• **WHAT TO DO**:
Please write out all of the entries beneath this line exactly, skipping the pictures.

(Stored items)
↓↓↓
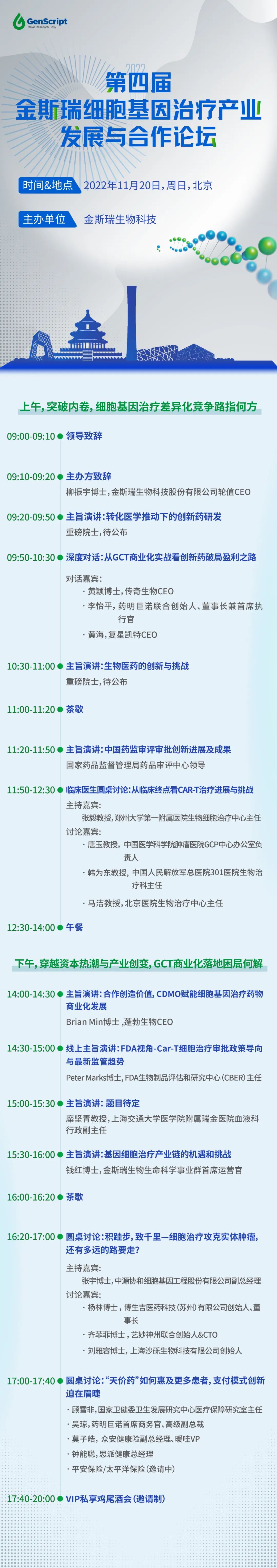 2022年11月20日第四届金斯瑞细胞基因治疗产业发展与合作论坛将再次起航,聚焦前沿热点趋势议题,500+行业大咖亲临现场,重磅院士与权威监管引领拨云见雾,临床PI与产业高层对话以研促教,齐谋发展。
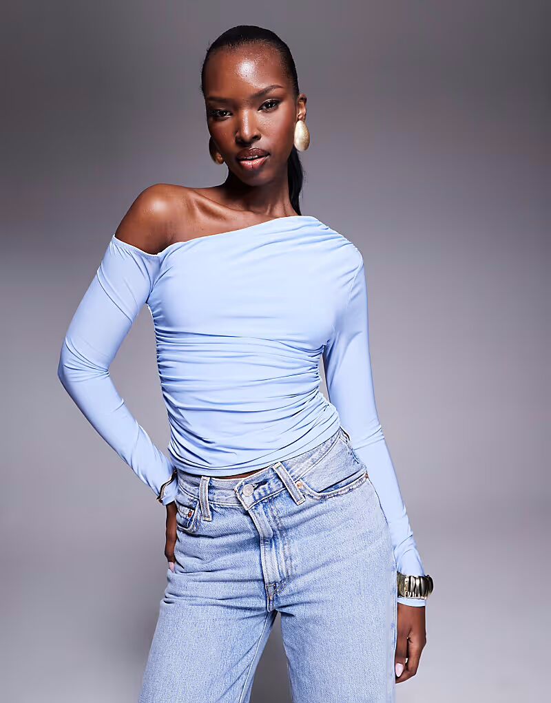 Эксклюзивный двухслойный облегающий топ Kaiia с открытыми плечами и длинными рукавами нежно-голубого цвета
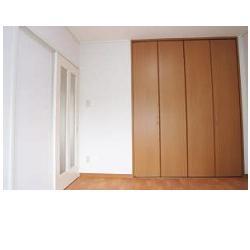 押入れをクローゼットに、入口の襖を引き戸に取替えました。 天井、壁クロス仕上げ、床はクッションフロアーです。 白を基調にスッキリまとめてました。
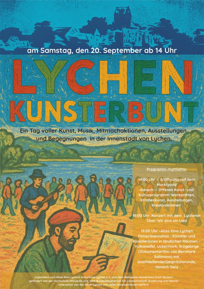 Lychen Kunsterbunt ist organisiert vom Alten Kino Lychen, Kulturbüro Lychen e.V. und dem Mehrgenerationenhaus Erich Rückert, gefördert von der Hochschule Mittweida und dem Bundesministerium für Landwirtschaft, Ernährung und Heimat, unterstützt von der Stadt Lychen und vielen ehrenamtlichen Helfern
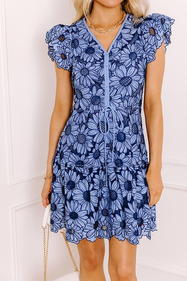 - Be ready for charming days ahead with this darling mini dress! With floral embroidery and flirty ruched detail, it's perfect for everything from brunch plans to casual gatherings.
↑↑↑
• **TASK RESPONSE**:
 2022年11月20日第四届金斯瑞细胞基因治疗产业发展与合作论坛将再次起航,聚焦前沿热点趋势议题,500+行业大咖亲临现场,重磅院士与权威监管引领拨云见雾,临床PI与产业高层对话以研促教,齐谋发展。
 Эксклюзивный двухслойный облегающий топ Kaiia с открытыми плечами и длинными рукавами нежно-голубого цвета
 押入れをクローゼットに、入口の襖を引き戸に取替えました。 天井、壁クロス仕上げ、床はクッションフロアーです。 白を基調にスッキリまとめてました。
 Lychen Kunsterbunt ist organisiert vom Alten Kino Lychen, Kulturbüro Lychen e.V. und dem Mehrgenerationenhaus Erich Rückert, gefördert von der Hochschule Mittweida und dem Bundesministerium für Landwirtschaft, Ernährung und Heimat, unterstützt von der Stadt Lychen und vielen ehrenamtlichen Helfern
 - Be ready for charming days ahead with this darling mini dress! With floral embroidery and flirty ruched detail, it's perfect for everything from brunch plans to casual gatherings.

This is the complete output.